> **Assigned task**:
Pictures in the material below are to be left out, and only the lines from the line with "Leider ist die" up to and including the line with "このような独特の景観と文化は" are to be written out exactly.

> **Provided information**:
-- -- --
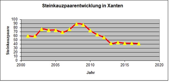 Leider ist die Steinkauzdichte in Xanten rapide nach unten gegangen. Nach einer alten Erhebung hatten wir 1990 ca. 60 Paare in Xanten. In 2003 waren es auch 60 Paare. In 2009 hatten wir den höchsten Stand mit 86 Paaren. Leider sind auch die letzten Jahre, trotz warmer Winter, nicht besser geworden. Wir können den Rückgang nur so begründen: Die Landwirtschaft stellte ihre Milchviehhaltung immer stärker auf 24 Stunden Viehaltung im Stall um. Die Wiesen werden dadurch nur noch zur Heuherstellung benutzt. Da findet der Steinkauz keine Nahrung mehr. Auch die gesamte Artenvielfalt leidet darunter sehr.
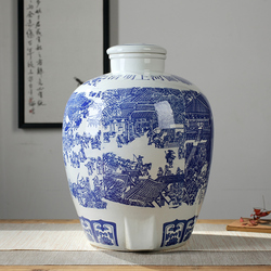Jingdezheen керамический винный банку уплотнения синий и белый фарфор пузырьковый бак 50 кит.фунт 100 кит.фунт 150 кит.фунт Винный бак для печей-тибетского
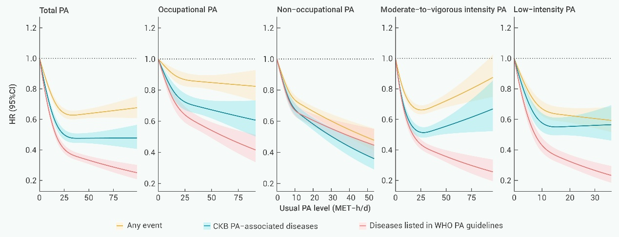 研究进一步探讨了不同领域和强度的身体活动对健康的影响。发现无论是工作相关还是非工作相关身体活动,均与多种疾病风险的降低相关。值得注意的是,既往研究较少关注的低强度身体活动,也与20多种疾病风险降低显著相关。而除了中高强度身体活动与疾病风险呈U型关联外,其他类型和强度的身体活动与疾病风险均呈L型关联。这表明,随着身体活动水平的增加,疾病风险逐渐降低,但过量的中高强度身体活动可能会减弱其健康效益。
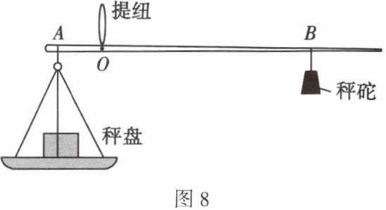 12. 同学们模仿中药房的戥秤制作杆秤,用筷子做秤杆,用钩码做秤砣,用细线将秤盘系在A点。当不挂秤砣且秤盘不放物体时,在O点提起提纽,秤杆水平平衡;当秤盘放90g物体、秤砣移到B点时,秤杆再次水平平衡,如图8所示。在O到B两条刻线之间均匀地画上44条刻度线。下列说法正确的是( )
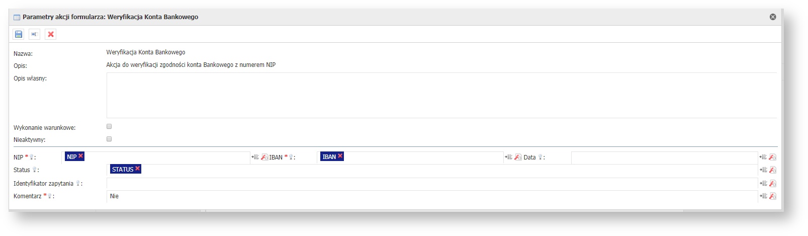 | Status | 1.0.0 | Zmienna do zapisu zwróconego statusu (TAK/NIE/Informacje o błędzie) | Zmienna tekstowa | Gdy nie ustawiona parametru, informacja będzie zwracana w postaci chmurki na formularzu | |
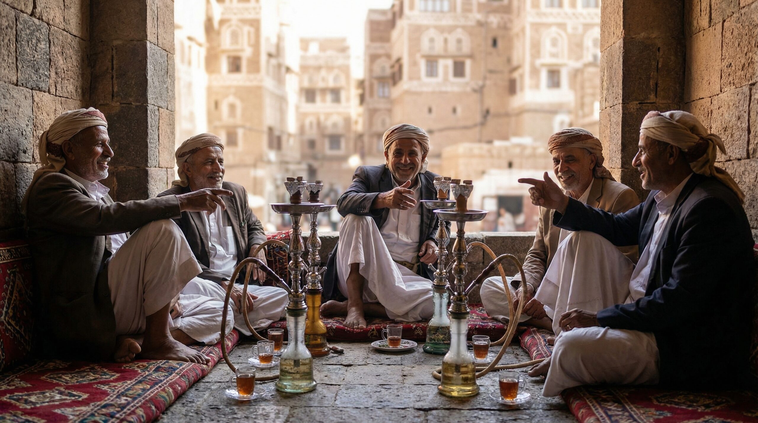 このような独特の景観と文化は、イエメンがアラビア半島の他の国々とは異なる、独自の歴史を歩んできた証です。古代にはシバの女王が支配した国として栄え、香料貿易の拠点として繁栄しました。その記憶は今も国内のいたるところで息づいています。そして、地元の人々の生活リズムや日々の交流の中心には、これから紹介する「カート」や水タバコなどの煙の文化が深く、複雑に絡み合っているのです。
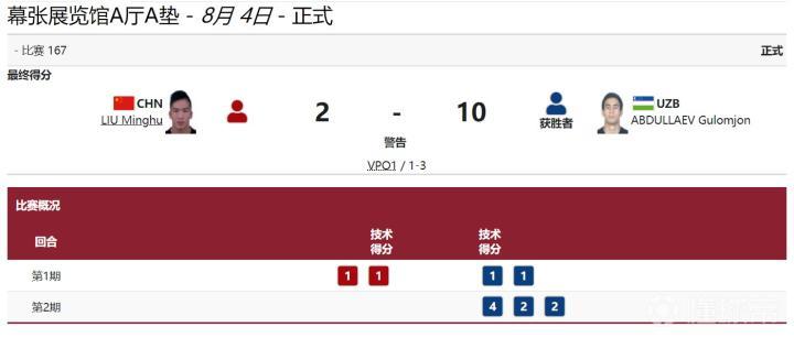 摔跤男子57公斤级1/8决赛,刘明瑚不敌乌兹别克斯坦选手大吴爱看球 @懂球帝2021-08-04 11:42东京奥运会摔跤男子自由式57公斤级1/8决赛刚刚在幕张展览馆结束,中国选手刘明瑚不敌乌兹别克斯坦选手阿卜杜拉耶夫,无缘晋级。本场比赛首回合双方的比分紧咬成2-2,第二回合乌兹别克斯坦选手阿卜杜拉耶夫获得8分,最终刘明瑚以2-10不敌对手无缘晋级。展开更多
-- -- --
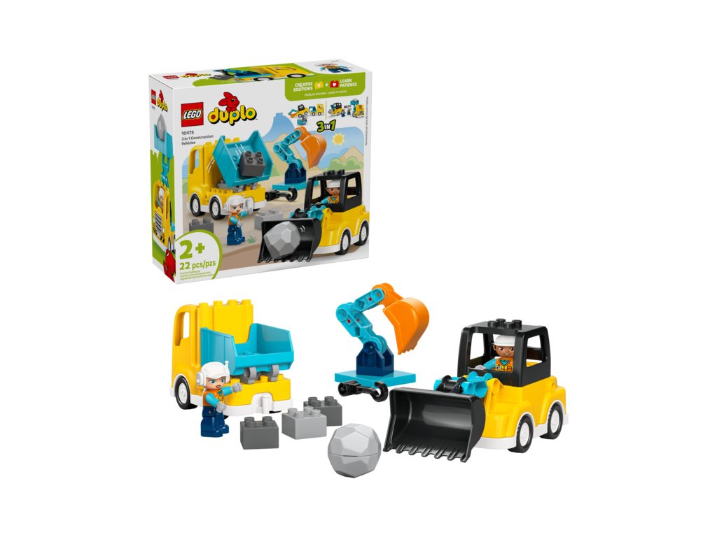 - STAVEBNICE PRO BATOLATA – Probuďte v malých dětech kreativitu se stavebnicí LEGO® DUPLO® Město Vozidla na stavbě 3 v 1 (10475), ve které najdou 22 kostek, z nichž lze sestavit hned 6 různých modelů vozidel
-- -- --
> **Answer to this problem**:
 Leider ist die Steinkauzdichte in Xanten rapide nach unten gegangen. Nach einer alten Erhebung hatten wir 1990 ca. 60 Paare in Xanten. In 2003 waren es auch 60 Paare. In 2009 hatten wir den höchsten Stand mit 86 Paaren. Leider sind auch die letzten Jahre, trotz warmer Winter, nicht besser geworden. Wir können den Rückgang nur so begründen: Die Landwirtschaft stellte ihre Milchviehhaltung immer stärker auf 24 Stunden Viehaltung im Stall um. Die Wiesen werden dadurch nur noch zur Heuherstellung benutzt. Da findet der Steinkauz keine Nahrung mehr. Auch die gesamte Artenvielfalt leidet darunter sehr.
Jingdezheen керамический винный банку уплотнения синий и белый фарфор пузырьковый бак 50 кит.фунт 100 кит.фунт 150 кит.фунт Винный бак для печей-тибетского
 研究进一步探讨了不同领域和强度的身体活动对健康的影响。发现无论是工作相关还是非工作相关身体活动,均与多种疾病风险的降低相关。值得注意的是,既往研究较少关注的低强度身体活动,也与20多种疾病风险降低显著相关。而除了中高强度身体活动与疾病风险呈U型关联外,其他类型和强度的身体活动与疾病风险均呈L型关联。这表明,随着身体活动水平的增加,疾病风险逐渐降低,但过量的中高强度身体活动可能会减弱其健康效益。
 12. 同学们模仿中药房的戥秤制作杆秤,用筷子做秤杆,用钩码做秤砣,用细线将秤盘系在A点。当不挂秤砣且秤盘不放物体时,在O点提起提纽,秤杆水平平衡;当秤盘放90g物体、秤砣移到B点时,秤杆再次水平平衡,如图8所示。在O到B两条刻线之间均匀地画上44条刻度线。下列说法正确的是( )
 | Status | 1.0.0 | Zmienna do zapisu zwróconego statusu (TAK/NIE/Informacje o błędzie) | Zmienna tekstowa | Gdy nie ustawiona parametru, informacja będzie zwracana w postaci chmurki na formularzu | |
 このような独特の景観と文化は、イエメンがアラビア半島の他の国々とは異なる、独自の歴史を歩んできた証です。古代にはシバの女王が支配した国として栄え、香料貿易の拠点として繁栄しました。その記憶は今も国内のいたるところで息づいています。そして、地元の人々の生活リズムや日々の交流の中心には、これから紹介する「カート」や水タバコなどの煙の文化が深く、複雑に絡み合っているのです。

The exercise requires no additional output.